2. Description of Related Art Including Information Disclosed under 37 CFR 1.97 and 1.98
In recent years there has been an increase in the number of autonomous animal-like robots that have been developed and put on the market, such as Sony Corporation's four-legged AIBO™ robot, which resembles a dog—see “Development of an autonomous quadruped robot for robot entertainment” by M. Fujita and H. Kitano, in Autonomous Robots, 5, 1998. See also “Robots for kids: Exploring new technologies for learning”, by A. Drum and J. Hendler, Morgan Kaufman Publishers, 2000, and “The art of creating subjective reality: an analysis of Japanese digital pets” by M. Kusahara, in the Proceedings of the Artificial Life VII Workshop, 2000, ed. C. Maley and E. Boudreau, pages 141-144.

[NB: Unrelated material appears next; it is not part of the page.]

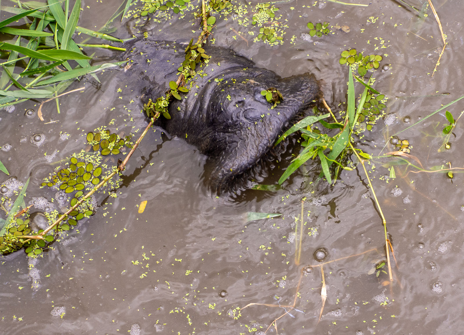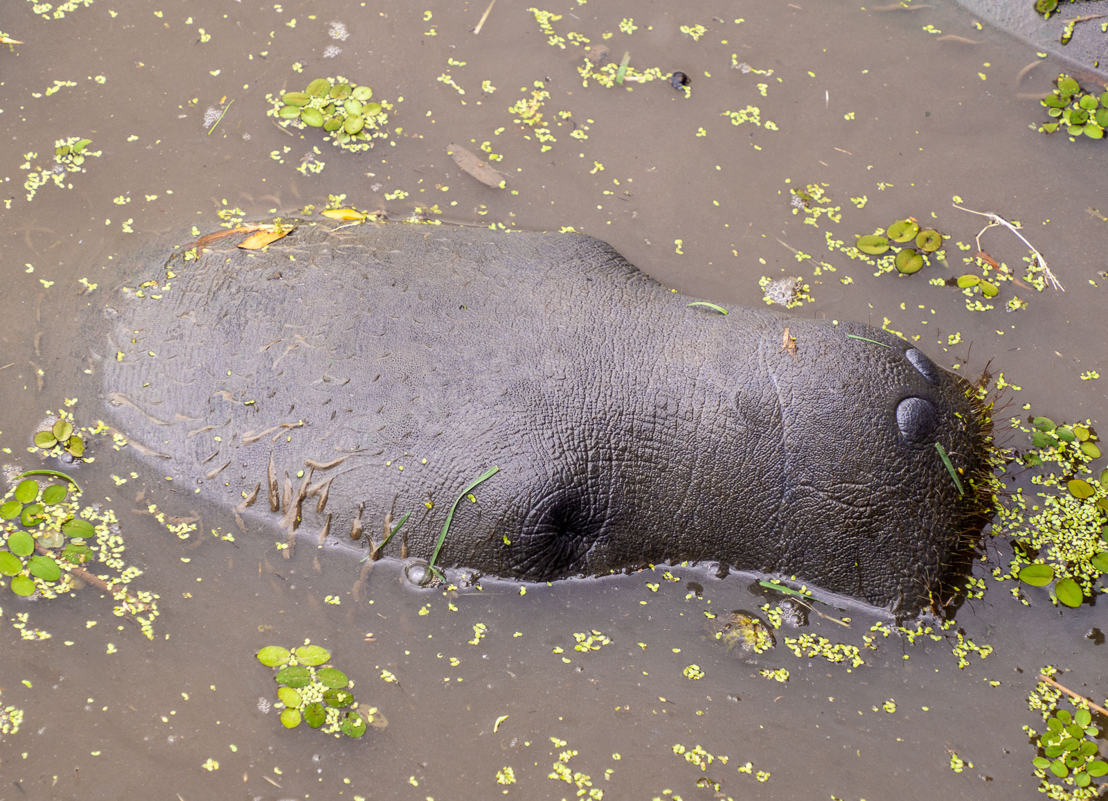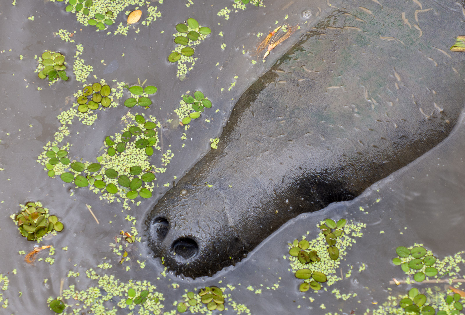 Jättiläislaiskiaisesta huolimatta jännittävin eläin Guyanassa löytyi sittenkin pinnan alta. Tai siis, emme me siellä pinnan alla käyneet vaan odottelimme toiveikkaasti, että näyttäytyisivätkö kasvitieteellisen puutarhan isossa, harmittavan tummavetisessä lammikossa asustelevat manaatit meille. Paikallisoppaamme tiesi, että tarjoamalla eläimille vihreää ruohoa ne saisi pintaan ja haali altaan lähistöltä ruohotuppoja ja toimivathan ne. Yksi jos toinenkin manaatti alkoi hamuta ruohoa hassun tylpällä kuonollaan. Vähän ajan päästä pieni lauma innostui enemmänkin ja pääsimme jo näkemään manaattien pienet silmätkin. Myöhemmin etsin netistä tietoa manaateista, joita en tätä ennen ollut koskaan ennen nähnyt, ja vasta siinä kohtaa näin, että näillähän on neljä jalkaakin ja ne ovat kuin vaikka pieniä virtahepoja olemukseltaan, jos olisimme ne kokonaan nähneet.

These autonomous robots are designed not as slaves programmed to follow commands without question, but as artificial creatures fulfilling their own drives. Part of the interest found in owning or interacting with such an autonomous robot is the impression the user receives that a relationship is being developed with a quasi-pet. However, autonomous robots can be likened to “wild” animals. The satisfaction that the user finds in interacting with the autonomous robot is enhanced if the user can “tame” the robot, to the extent that the user can induce the robot to perform certain desired behaviours on command and/or to direct its attention at, and learn the name of, a desired object.
To the user, it appears that he is “training” the robot, by analogy with human-animal interactions. However, given that the robot is more accurately be described as a kind of dynamic programming in the field. In the present document, references to “training” should be understood in this sense.

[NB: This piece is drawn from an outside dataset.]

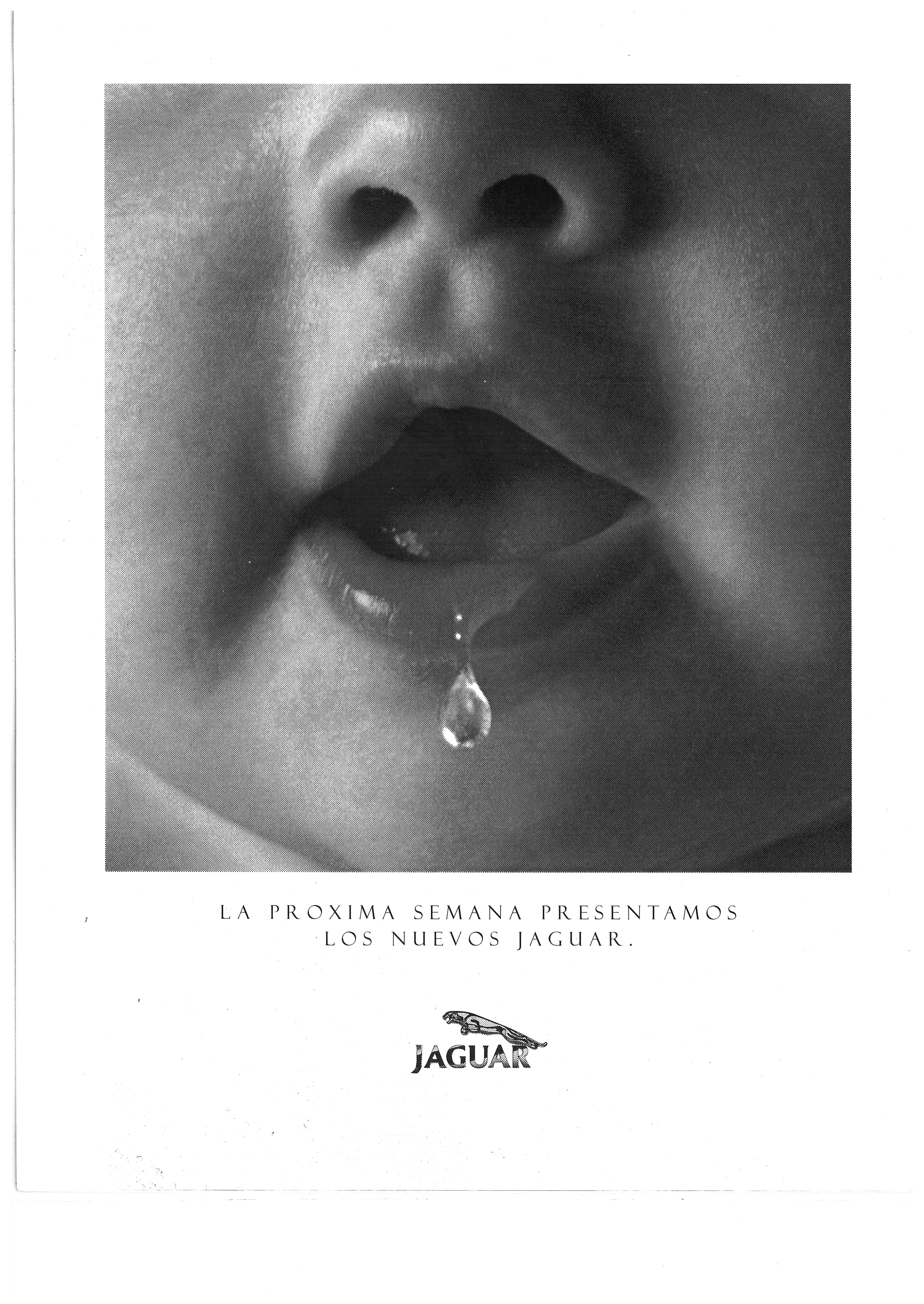 Sin duda, este el anuncio con el que he obtenido más reconocimiento como creativo tanto en los festivales publicitarios como en el mundillo profesional. Se trataba de la presentación de un nuevo modelo de Jaguar, un verdadero acontecimiento en el elitista mercado de los coches de lujo. Poco se podía decir acerca de su lanzamiento -un Jaguar es fundamentalmente un símbolo de distinción, clase y poder, un producto 100% emocional-, así que decidimos no emplear más palabras que las estrictamente necesarias. La imagen bastaba por sí sola para explicar las reacciones anímicas de los privilegiados compradores de un nuevo modelo de Jaguar. Este anuncio ganó sendos Oros en los festivales de publicidad de San Sebastian, FIAP y Clio, y estuvo a punto de llevarse un León de Oro en Cannes, pero uno de los miembros del Jurado inclinó la balanza hacia el lado del no, y me quedé sin el ansiado galardón. Curiosamente, ese puñetero miembro del Jurado era un creativo de Ogilvy&Mather Holanda, es decir, del mismo grupo publicitario al que pertenecía mi agencia de entonces, Bassat, Ogilvy&Mather.

However, it is difficult to train an autonomous robot to perform specific tasks on command, especially tasks involving an unusual pattern of behaviour or a sequence of actions, or to learn the name for specific objects. Several groups are involved in research in this field, see, for example, “Experiments on human-robot communication with robota, an interactive learning and communicating doll robot.” by A. Billard, K. Dautenhahn and G. Hayes, from “Socially situated intelligence workshop” (SAB 98), eds. B. Edmonds and K. Dautenhahn, 1998, pages 4-16; “Experimental results of emotionally grounded symbol acquisition by four-legged robot” by M. Fujita, G. Costa, T. Takagi, R. Hasegawa, J. Yokono and H. Shimura, in the Proceedings of Autonomous Agents 2001, 2001; “Learning to behave: Interacting agents” by F. Kaplan, from the CELE-TWENTE Workshop on Language Technology, October 2000, pages 57-63; and “Learning from sights and sounds: a computational model” PhD thesis by D. Roy, MIT Media Laboratory, 1999.

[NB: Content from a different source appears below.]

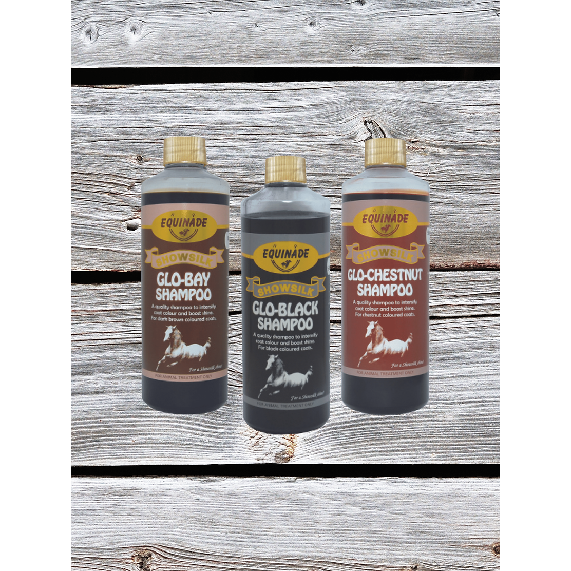 Equinade Showsilk Glo-Colour Shampooshave been formulated to give an even depth of colour and add a healthy glow to coats. The rich colours and shine boosters will revitalise dull and patchy-coloured coats to create even tones and a bright, lasting shine. The shampoos have been pH balanced to be gentle enough to use on many show animals; including horses, dogs, cats, cattle,

The present inventors, considering that the problems involved in teaching a complex behaviour (and associated command) to an autonomous robot, and/or in reaching shared attention with an autonomous robot such that the name of a desired object could be taught, are similar to the problems faced by animal trainers, determined that robots could be trained by application of techniques used for pet training.
Over the last fifty years, there have been some fruitful exchanges between ethologists and robotics engineers. For example, in some cases robotics engineers have defined control architectures for robots, based on observations about animal behaviour. Different surveys of behaviour-based robotics are given in “Behaviour-based robotics” by R. Arkin, MIT Press, Cambridge Mass., USA, 1998; in “Understanding intelligence” by R. Pfeiffer and C. Sheier, MIT Press, Cambridge, Mass., USA, 1999; and in “The ‘artificial life’ route to ‘artificial intelligence’. Building situated embodied agents,” by L. Steels and R. Brooks, Lawrence Erlbaum Ass., New Haven, USA, 1994. Robot-based research has also led to development of models that may be useful for understanding animal behaviour—see “What does robotics offer animal behaviour?” by Barbara Webb, Animal Behaviour, 60:545-558, 2000. However, so far, when tackling robotics problems robotics researchers have not made many investigations in the field of animal training.
The method most often used by dog owners attempting to train their pets, for example, to sit down on command, involves chanting the command (here “SIT”) several times, whilst simultaneously forcing the animal to demonstrate the desired behaviour (here by pushing the dog's rear down to the ground). This method fails to give good results for various reasons. Firstly, the animal is forced to choose between paying attention to the trainer's repeated word, or to the behaviour to be learnt. Secondly, as the command is repeated several times, the animal does not know which part of its behaviour to associate with the command. Finally, very often the command is said before the behaviour is exhibited; for instanced “SIT” is said while the animal is still in a standing position. Thus, the animal cannot associate the command with the desired sitting position.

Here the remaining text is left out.